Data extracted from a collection
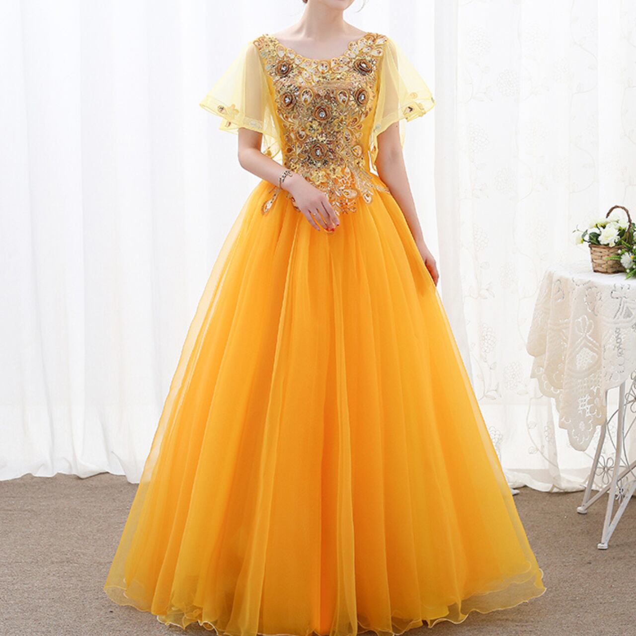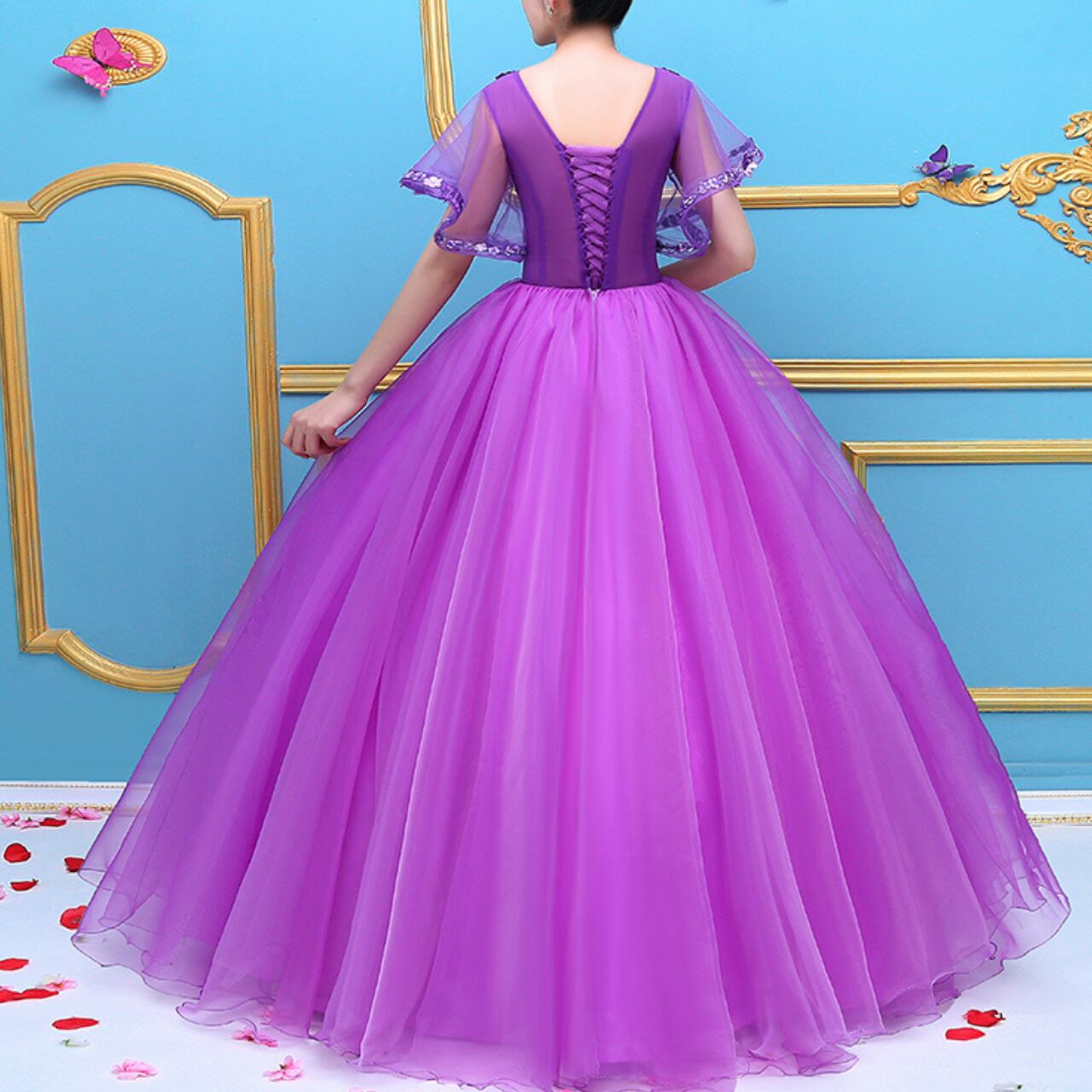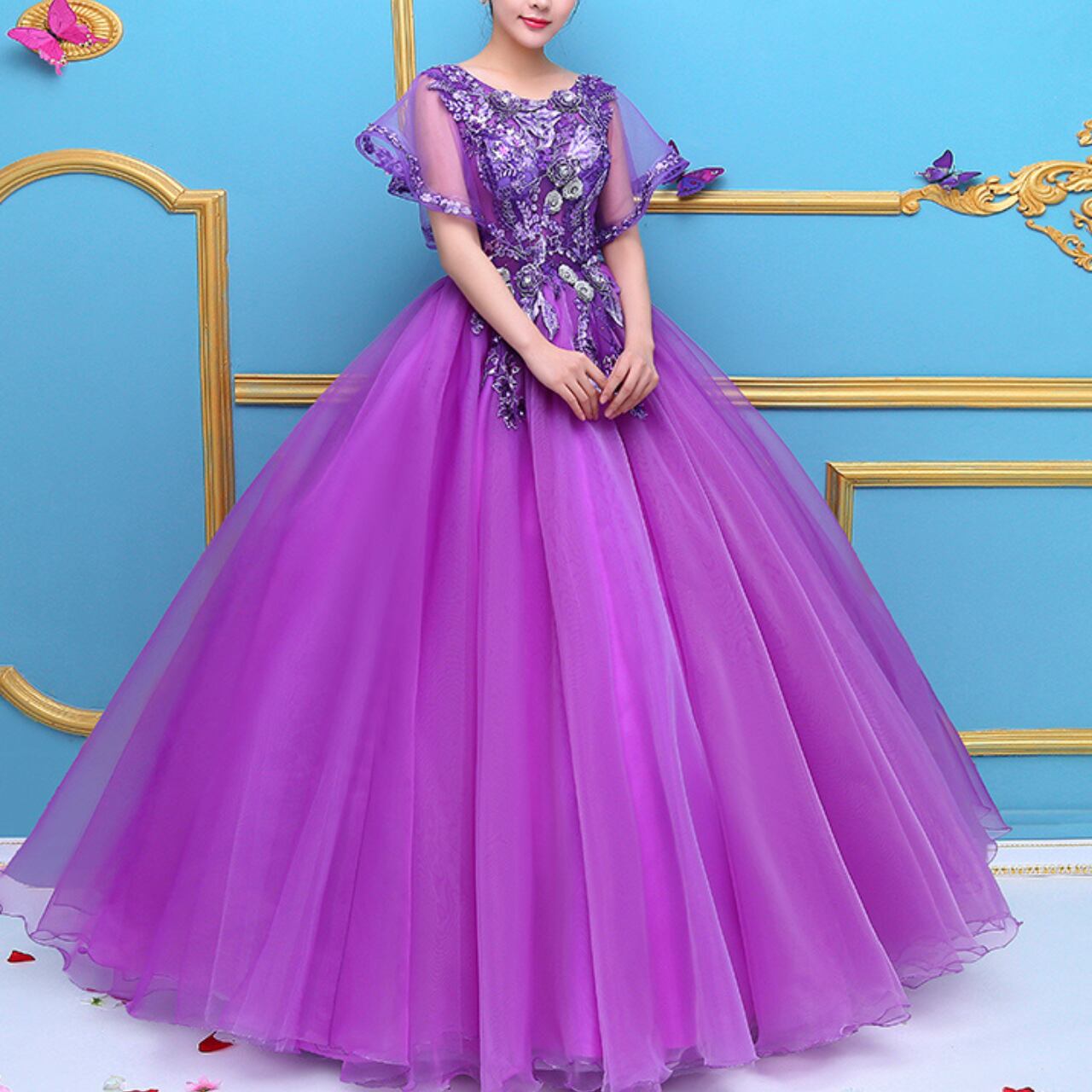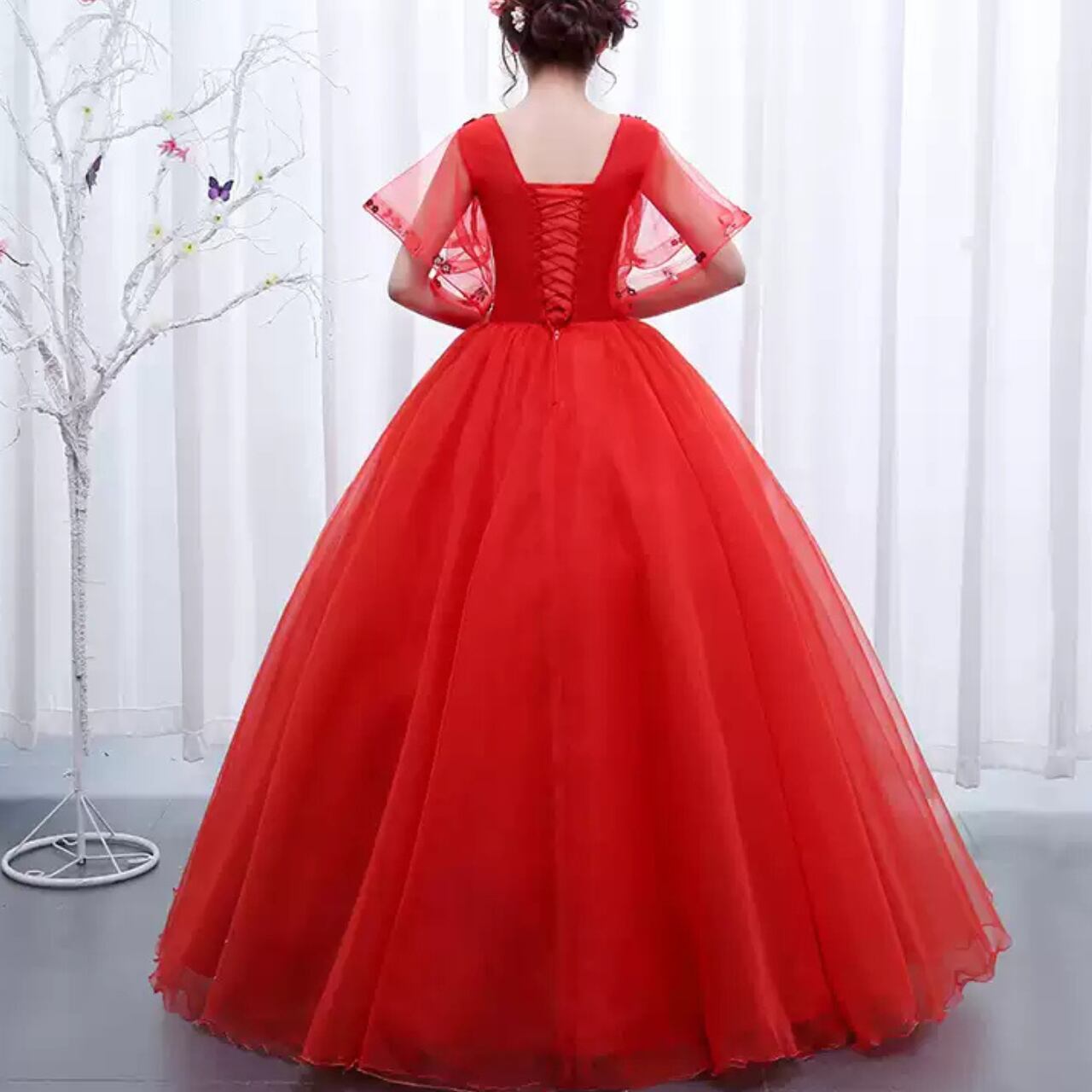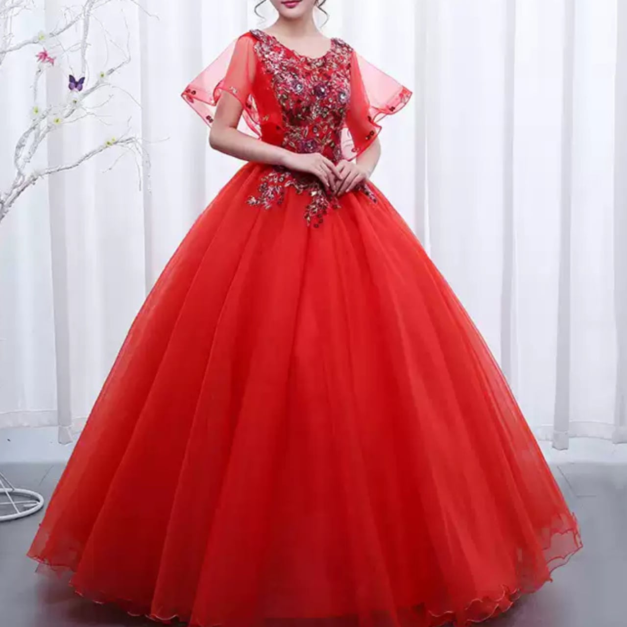 エンブロイダリーレース装飾ドレス レッド/パープル/ブルー/ゴールド CL0199
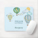 Uma bela ilustração com aquarelas, com 3 balões de ar quente em vários tons de azul, lacre e verde flutuando graciosamente no ar. A citação "seguir seus sonhos" é mantida em uma letra de máquina de escrever ousada. Adicione seu nome ao painel do mouse para personalização.
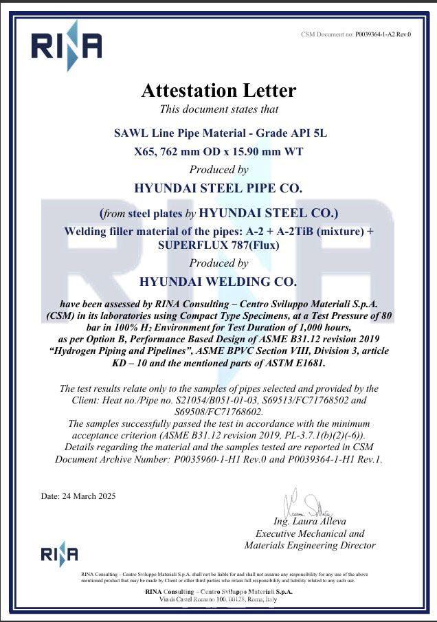 이번 RINA-CSM 테스트 통과는 현대제철이 국내 철강업계 중에서 수소 인프라 관련 강재 분야에 글로벌 경쟁력을 갖춘 기업임을 보여주는 상징적인 사례다.
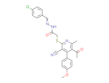 - Synonyms:[5-Acetyl-3-cyano-4-(4-methoxy-phenyl)-6-methyl-pyridin-2-ylsulfanyl]-acetic acid [1-(4-chloro-phenyl)-meth-(E)-ylidene]-hydrazide
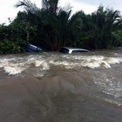 Mobil dan Sepeda Motor Terseret Banjir di Bangka
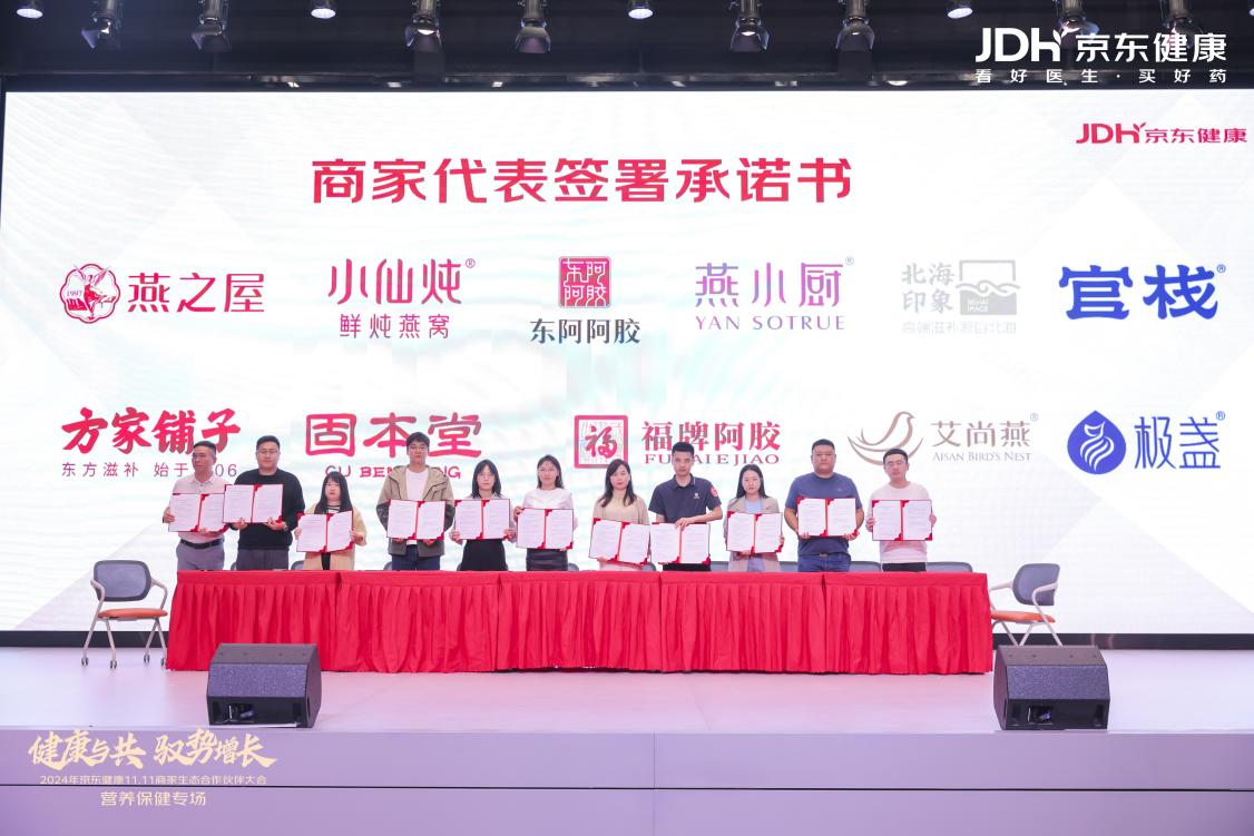 活动现场,京东健康与50余家知名品牌、10余家行业权威机构签署联盟承诺书,未来将通过批量送检、前台打标、流量倾斜、不定期抽检等全链路闭环举措,做到“真标准、真上行、真严选、真抽检”,全面加速营养保健行业全品类的标准化、规范化进程。燕之屋与京东健康签署联盟承诺书,承诺店铺销售的全线类商品将依照“京东好滋补/京东好营养标准”进行产品质量管控,同时按照京东要求的规则使用相关标。签署联盟承诺书,意味着燕之屋将在产品质量方面坚决做到:不以次充好;不夸大宣传;不进行规格上的虚标;所见即所得,杜绝货不对版;杜绝食品安全问题,避守相关法律法规,不出现食品安全方面的问题。在11.11大促来临前,联盟承诺书的签署将助力消费者轻松选购品质安全有保障的滋养佳品,真正实现“简单挑、放心用”。
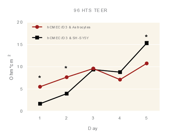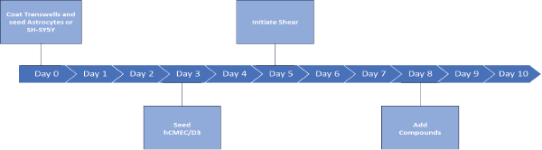 Various combinations of single, co- and tri- cultures were set up using 0.4 μm Corning® HTS Transwell®-24-well Permeable Supports (3379). For inserts cultured with Astrocytes, a 50 μL droplet of 100 μg/mL of Corning® Matrigel® Growth Factor Reduced Basement Membrane Matrix diluted in phosphate buffered saline (PBS; 21-040-CM) was applied to the underside of the insert by inverting plate onto its lid. Inserts were incubated in the laminar flow hood for one hour prior to aspiration followed by seeding of Astrocytes. Astrocytes were harvested with Accutase® Cell Detachment Solution (25-058-CI) and resuspended in DMEM containing 10% FBS at a density of 264,000 cells/mL. A 50 μL droplet of cells (75,000 cells/cm2) was added to each inverted insert and cells were allowed to attach for one hour prior to inverting plate to standard culture position and filling inserts with 200 μL and receiver well with 500 μL of DMEM plus 10% FBS. On the same day, receiver plates (3524) that include SH-SY5Y were seeded with Accutase® harvested cells at 10,000 cells/cm2 in 500 μL of DMEM containing 10% FBS. Astrocyte and SY-SY5Y cultures were incubated separately for approximately 72 hours prior to hCMEC/D3 addition. hCMEC/D3 were harvested with Accutase and seeded into inserts with or without Astrocytes at a density of 40,000 cells/cm2 in 300 μL of hCMEC/D3 assay media. hCMEC/D3 assay media consisted of EBM-2 supplemented with EGM (Lonza; 4133) minus bovine brain extract, an additional 3% FBS, and 1% chemically modified lipid concentrate. Inserts were combined with cell culture plates with or without SH-SY5Y cells using 1 mL of hCMEC/D3 assay media in the cell culture plate below. Media was exchanged every other day. Forty-eight hours after hCMEC/D3 addition, some cultures were exposed to shear conditions by placing on a Corning® LSE™ Low Speed Orbital Shaker (6780-FP) at 50 RPM. TEER was measured daily after addition of hCMEC/D3 cells using World Precision Instruments EVOM™ AUTO (EVA-MT-03-02).
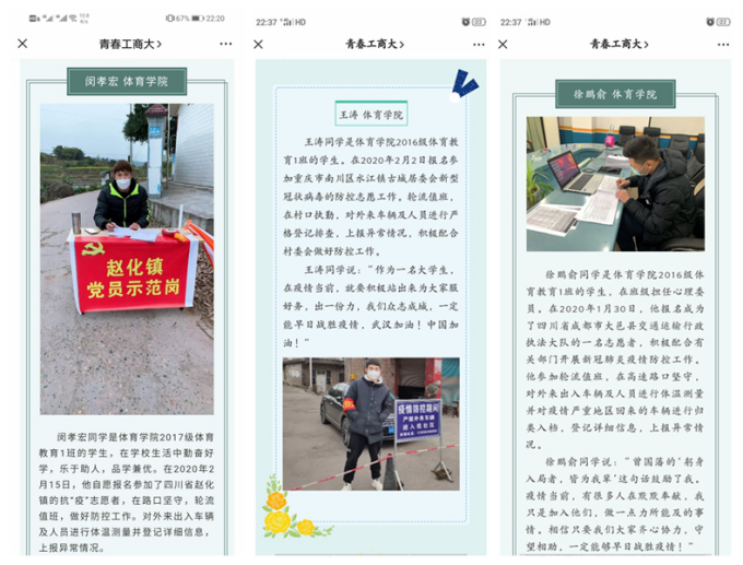王涛同学是vwin德赢ac米兰官方2016级体育教育1班的学生,作为共青团员,他在2020年2月2日报名参加重庆市南川区水江镇古城居委会新型冠状病毒的防控志愿工作。轮流值班,在村口执勤,对外来车辆及人员进行严格登记排查,上报异常情况,积极配合村委会做好防控工作。

ACTIVITY: Print the data above from its first line through the line that has "活动现场,京东健康与50余家", exactly and with nothing else, omitting pictures.

FINISHED TASK:
 エンブロイダリーレース装飾ドレス レッド/パープル/ブルー/ゴールド CL0199
 Uma bela ilustração com aquarelas, com 3 balões de ar quente em vários tons de azul, lacre e verde flutuando graciosamente no ar. A citação "seguir seus sonhos" é mantida em uma letra de máquina de escrever ousada. Adicione seu nome ao painel do mouse para personalização.
 이번 RINA-CSM 테스트 통과는 현대제철이 국내 철강업계 중에서 수소 인프라 관련 강재 분야에 글로벌 경쟁력을 갖춘 기업임을 보여주는 상징적인 사례다.
 - Synonyms:[5-Acetyl-3-cyano-4-(4-methoxy-phenyl)-6-methyl-pyridin-2-ylsulfanyl]-acetic acid [1-(4-chloro-phenyl)-meth-(E)-ylidene]-hydrazide
 Mobil dan Sepeda Motor Terseret Banjir di Bangka
 活动现场,京东健康与50余家知名品牌、10余家行业权威机构签署联盟承诺书,未来将通过批量送检、前台打标、流量倾斜、不定期抽检等全链路闭环举措,做到“真标准、真上行、真严选、真抽检”,全面加速营养保健行业全品类的标准化、规范化进程。燕之屋与京东健康签署联盟承诺书,承诺店铺销售的全线类商品将依照“京东好滋补/京东好营养标准”进行产品质量管控,同时按照京东要求的规则使用相关标。签署联盟承诺书,意味着燕之屋将在产品质量方面坚决做到:不以次充好;不夸大宣传;不进行规格上的虚标;所见即所得,杜绝货不对版;杜绝食品安全问题,避守相关法律法规,不出现食品安全方面的问题。在11.11大促来临前,联盟承诺书的签署将助力消费者轻松选购品质安全有保障的滋养佳品,真正实现“简单挑、放心用”。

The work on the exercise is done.